Skin and nail care play an essential role in both prevention of lymphedema in those patients at risk of developing this condition, and in the management of existing lymphedema. Current methods of cancer treatment lower the risk of developing lymphedema. However, if a patient had surgery involving the lymphatic system – a radical mastectomy for example – even many years ago, the risk for developing lymphedema will always be present, even if this patient never had any arm swelling.
Prevention is in the patients’ best interest and a great tool to avoid the onset of lymphedema. The skin is the first line of defense against foreign invaders and is usually impermeable to bacteria and other pathogens. However, any defect in the skin such as burns, chafing, dryness, cuticle injury, cracks, cuts, splinters, and insect bites can present an entry site for pathogens or infectious agents and cause infection.
Patients who already have, or had lymphedema are susceptible to infections of the skin and nails. Lymphedematous tissues are saturated with protein-rich fluid, which serves as an ideal nutrient source for bacteria and other pathogens. Lymphedematous skin also tends to be dry and may become thickened and scaly, which increases the risk of skin cracks and fissures.
The process of inflammation may not only make lymphedema much worse by increasing the swelling, but can also develop into a serious medical crisis. The basic consideration in skin and nail care is therefore the prevention and control of infections, which includes proper cleansing and moisturizing techniques with the goal of maintaining the health and integrity of the skin.
Suitable ointments or lotions formulated for sensitive skin, radiation dermatitis and lymphedema should be applied before the application of lymphedema bandages while the patient is in the decongestive phase of the treatment. Once the limb is decongested and the patient wears compression garments, moisturizing ointments should be applied twice daily.
Ointments, as well as soaps or other skin cleansers used in lymphedema management, should have good moisturizing qualities, contain no fragrances, be hypo-allergenic and should be in either the neutral or acidic range of the pH scale (around pH 5). To identify possible allergic reactions to skin care products, they should be first tested on healthy skin before the initial application to areas affected by lymphedema. Skin care products often used by lymphedema patients include Eucerin, Lymphoderm, Lindi Skin products, Curel and Johnson&Johnson Baby Lotion.
Tight fitting compression sleeves or stockings, as well as materials used in compression bandaging may also cause skin irritation. Some patients may be allergic to a certain material used for compression therapy. This situation can be remedied by switching to other materials.
In mosquito infected areas it is necessary to apply insect repellents to the affected extremity (some moisturizers contain natural repellents) to avoid bites, which are a common cause for infections. To take proper care of mosquito bites and minor injuries, it is advisable to always carry an alcohol swab, antibacterial ointment and a band-aid.

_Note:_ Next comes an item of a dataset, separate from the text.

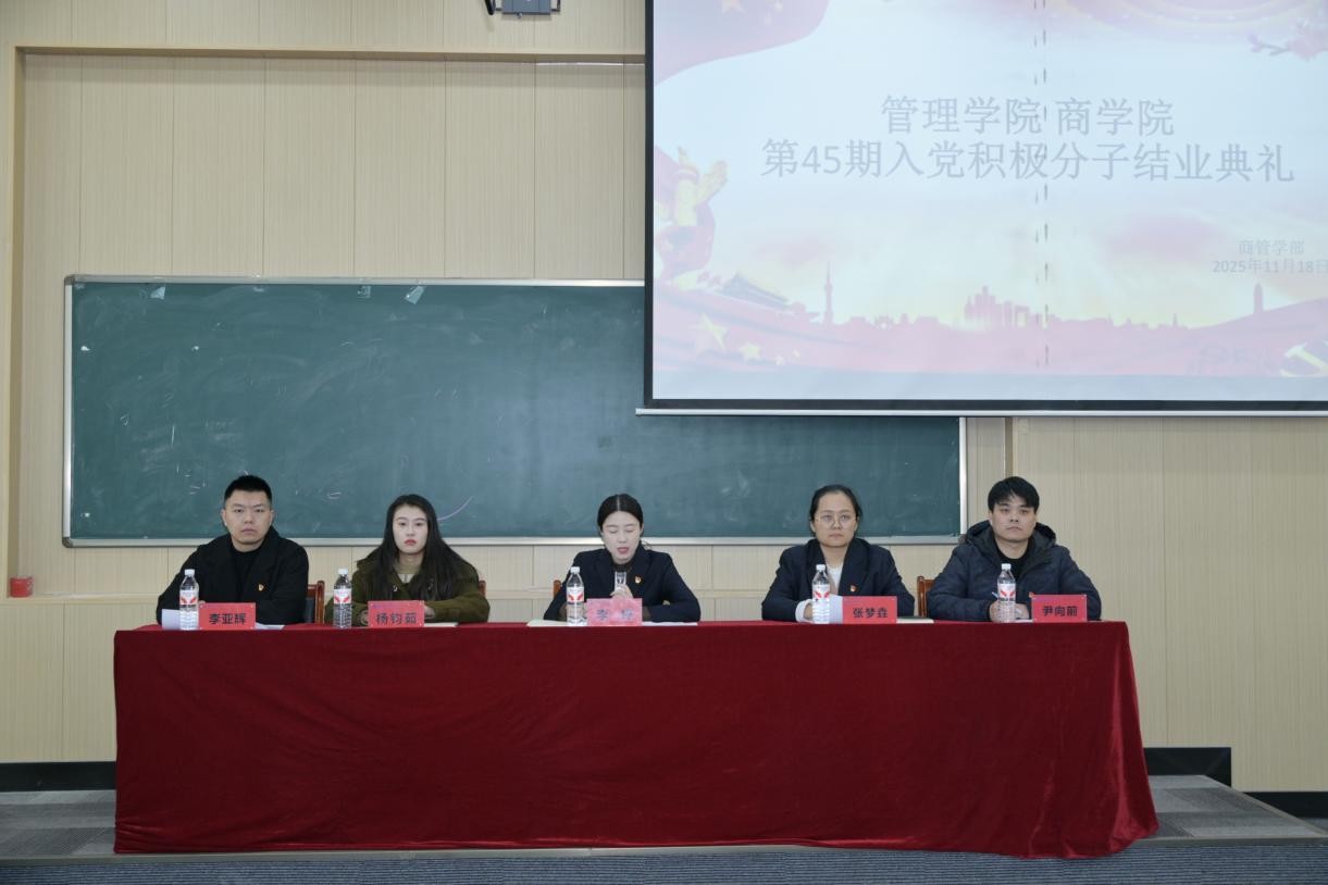 为切实做好党员发展工作,提升入党积极分子的思想理论水平和党性修养,11月18日,商学院第45期入党积极分子培训班结业典礼在东校区文华楼阶五如期举行。商学院党委书记、学管副院长李婷,管理学院分团委书记张梦垚,商学院分团委副书记杨钧茹,商学院组织员李亚辉,管理学院组织员尹向前及本期全体积极分子学员参会,本次会议由李亚辉老师主持。

When caring for nails, it is important to keep the risk of infections to a minimum. Finger and toe nails should be kept short using clippers (no scissors), toenails should be cut straight across, and a podiatrist should be consulted to treat and prevent ingrown toe nails. Cuticles on fingers and toes should not be cut but pushed back with a cuticle pusher.
Bacteria between the natural and artificial nails are a common cause for infections; acrylic nails should be avoided.